Stress-responsive
microRNAs (
miRNAs) contribute to the regulation of cellular homeostasis or
pathological processes, including
carcinogenesis, by reprogramming target gene expression following human exposure to environmental or dietary
xenobiotics. Herein, we predicted the targets of carcinogenic
mycotoxin-responsive
miRNAs and analyzed their association with disease and functionality.
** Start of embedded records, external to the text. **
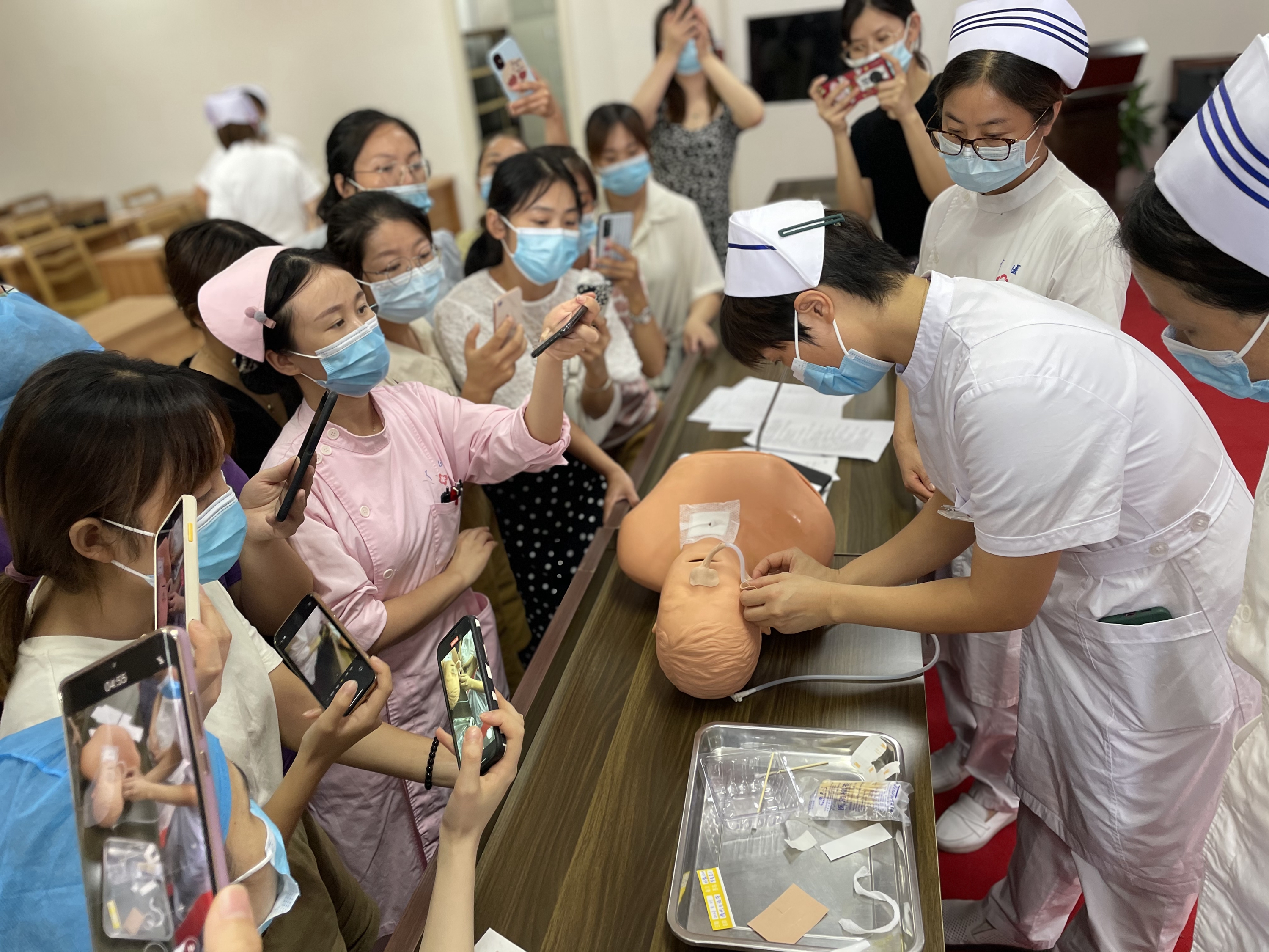 此次培训紧紧围绕“鼻胃管、留置导尿管、胸腹腔引流管”的固定,紧扣行业规范内涵、各类导管的分类、特点、实际应用及其与医用胶布、医用敷贴的相关知识,进行现场讲解,并通过现场演示方式强化了培训。演示讲解后将学员分成三组进行实战操作演练,互相学习讨论,由老师在旁边及时指导纠正。
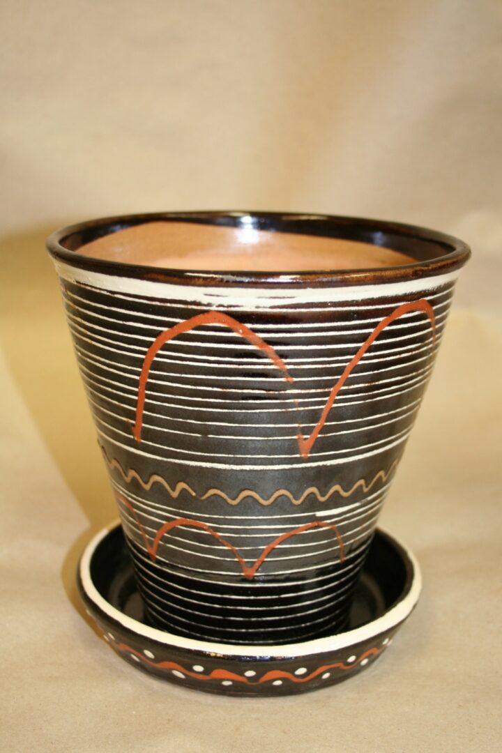 Ručne točená na hrnčiarskom kruhu, poliata tmavohnedou až čiernou hlinkou maľovaná pomocou kukučky (rožka) bielou hlinkou a farebnýmí hlinkami geometrický a rastlinný dekor, transparentná bezfarebná glazúra.
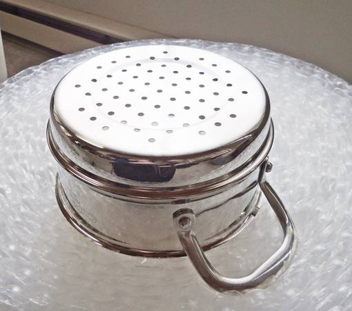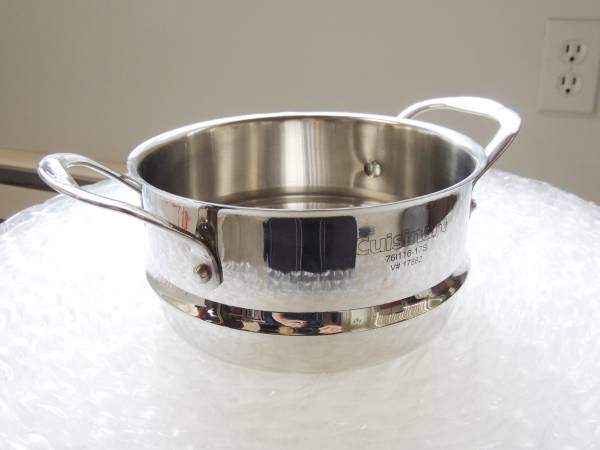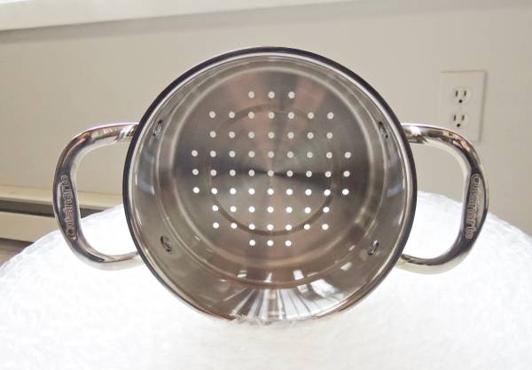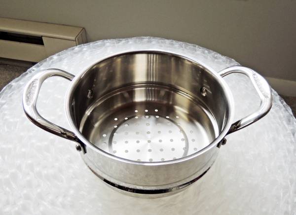 Here is a great steamer for vegetables and other things. I bought this with my 2.5 quart pan, but found I don't steam many items, so maybe you do! May or may not have been used once. Stainless steel. Handles on each side. Photos are of actual item you will receive so please see all photos.
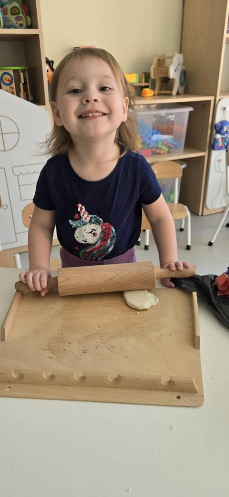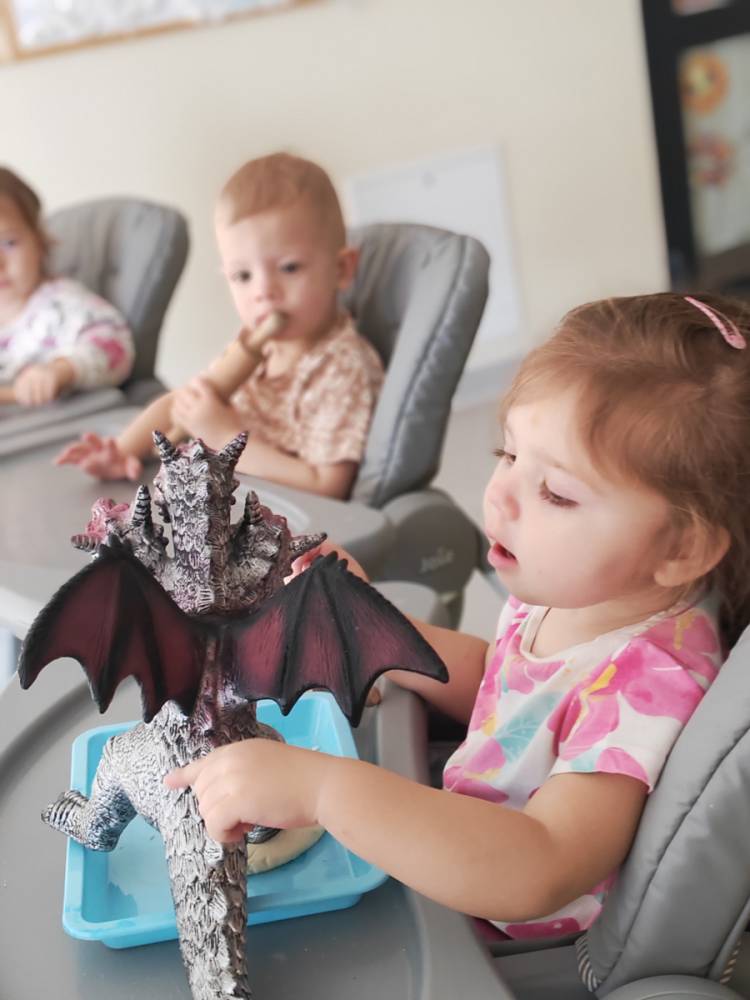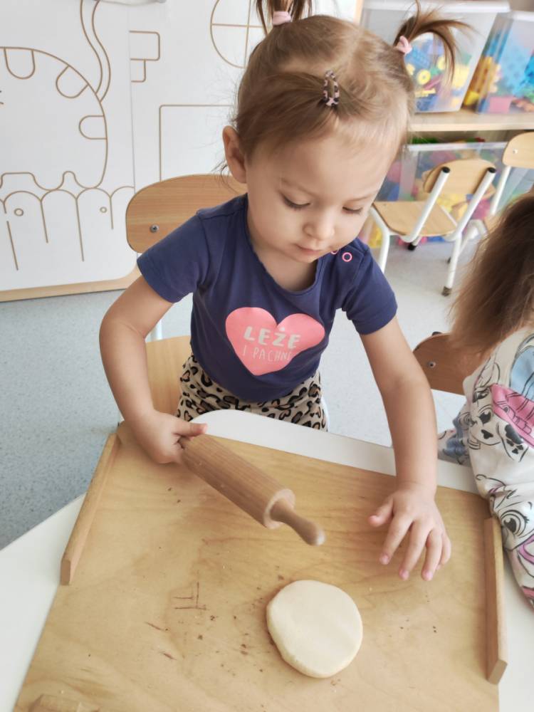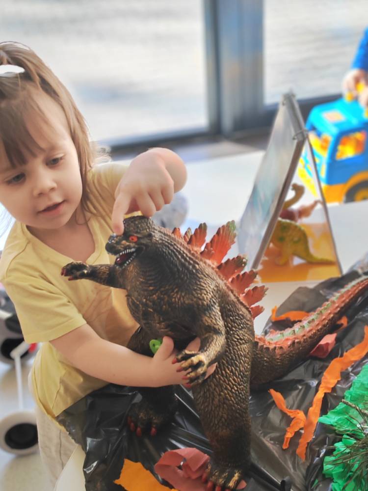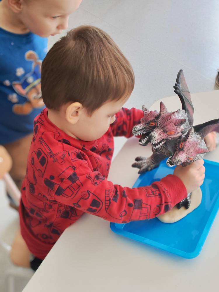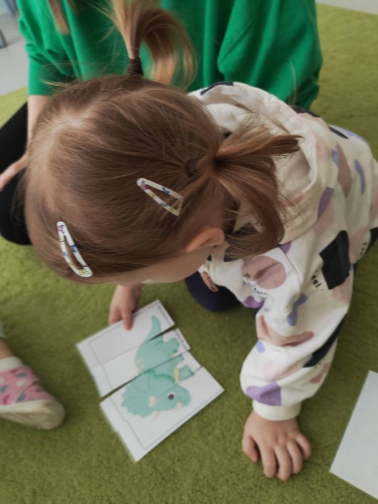 Nie zabrakło także układania puzzli z dinozaurami, które ćwiczyły koncentrację i koordynację wzrokowo–ruchową. Nasze dzielne Krasnale wcieliły się również w małych paleontologów i odbijały stopę dinozaura w masie solnej – powstały wyjątkowe, prehistoryczne pamiątki!

miRNA target-derived prediction indicated potent associations of oncogenic
mycotoxin exposure with metabolism- or
hormone-related diseases, including
sex hormone-linked
cancers. Mechanistically, the signaling network evaluation suggested
androgen receptor (AR)-linked signaling as a common pivotal cluster associated with metabolism- or
hormone-related
tumorigenesis in response to
aflatoxin B1 and
ochratoxin A co-exposure. Particularly, high levels of AR and AR-linked genes for the
retinol and
xenobiotic metabolic
enzymes were positively associated with attenuated disease
biomarkers and good prognosis in patients with liver or
kidney cancers. Moreover, AR-linked signaling was protective against OTA-induced genetic insults in human hepatocytes whereas it was positively involved in AFB1-induced genotoxic actions. Collectively,
miRNA target network-based predictions provide novel clinical insights into the progression or intervention against malignant adverse outcomes of human exposure to environmental oncogenic insults.